An expert in medicine may, for instance, read a note in the EHR that states that a patient’s prior medical history is important for prostate cancer and hypothyroidism. The expert could inquire about the expert’s date of diagnosis if the trigger word “prostate cancer” is used. perhaps “any interventions made?”
They discovered that the majority of queries were centered on the patient’s symptoms, medications, or test findings. Even if these results weren’t a surprise, Lehman believes measuring the quantity of inquiries about each major subject will enable them to create a useful dataset for use in a genuine, clinical environment.
They utilized their dataset of test questions and related trigger text to train machine learning models that would generate new questions depending on the trigger text.
Then, based on four criteria, the medical experts determined whether those questions were “good” or not: understandability (Does the question make sense to a human physician? ), triviality (Can the question be answered by simply reading the trigger text? ), medical relevance (Does it make sense to ask this question given the context? ), and relevancy to the trigger (Is the trigger related to the question?
Researchers also trained models to retrieve answers to clinical questions
When a model was given trigger language, the researchers discovered that it could come up with a decent question 63 percent of the time, but a human doctor would ask a good question 80 percent of the time.
Using the publicly accessible datasets they had discovered at the beginning of this study, they also trained models to retrieve answers to clinical questions. They then put these trained models to the test to see if they could respond to “excellent” queries posed by real medical professionals.
The models were only able to recover roughly 25% of the responses to the queries that the doctors came up with.
“That result is really concerning.

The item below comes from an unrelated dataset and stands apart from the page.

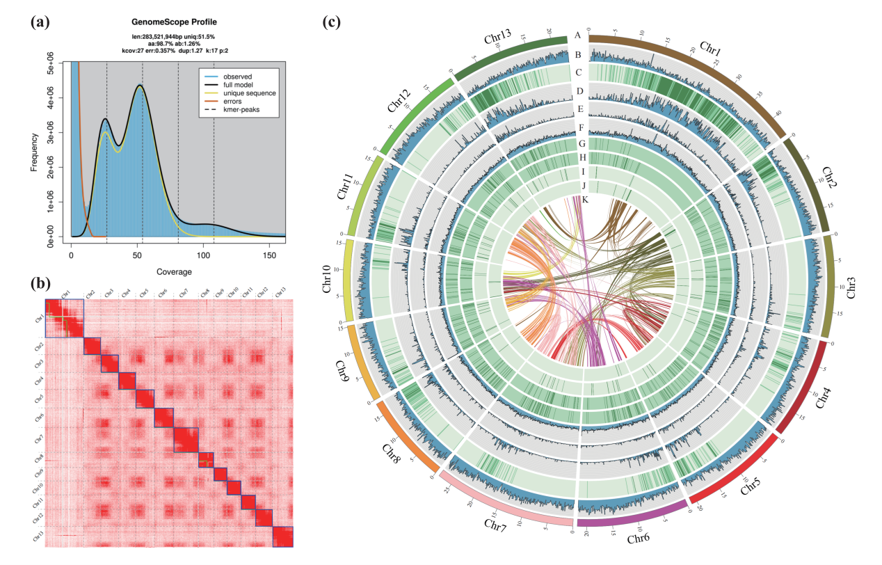图. 粗叶榕的基因组组装与注释。a. 基因组大小评估; b. Hi-C互作热图; c. 基因组圈图

What people thought were good-performing models were, in practice, just awful because the evaluation questions they were testing on were not good to begin with,” explained Lehman.
The team is now putting this work to use in order to achieve their original objective: developing a model that can automatically respond to physicians’ inquiries in an EHR. The following phase will include using their dataset to train a machine-learning model that can automatically produce tens of thousands or millions of high-quality clinical questions. This model can then be used to build a new model for automatic question-answering.
Lehman is inspired by the promising first findings the team showed with this dataset, even if there is still more work to be done before that model might become a reality. Healthcare is a sector where AI is highly utilized, for instance, did you know that neural network-based visual stimuli classification paves the way for early Alzheimer’s diagnosis?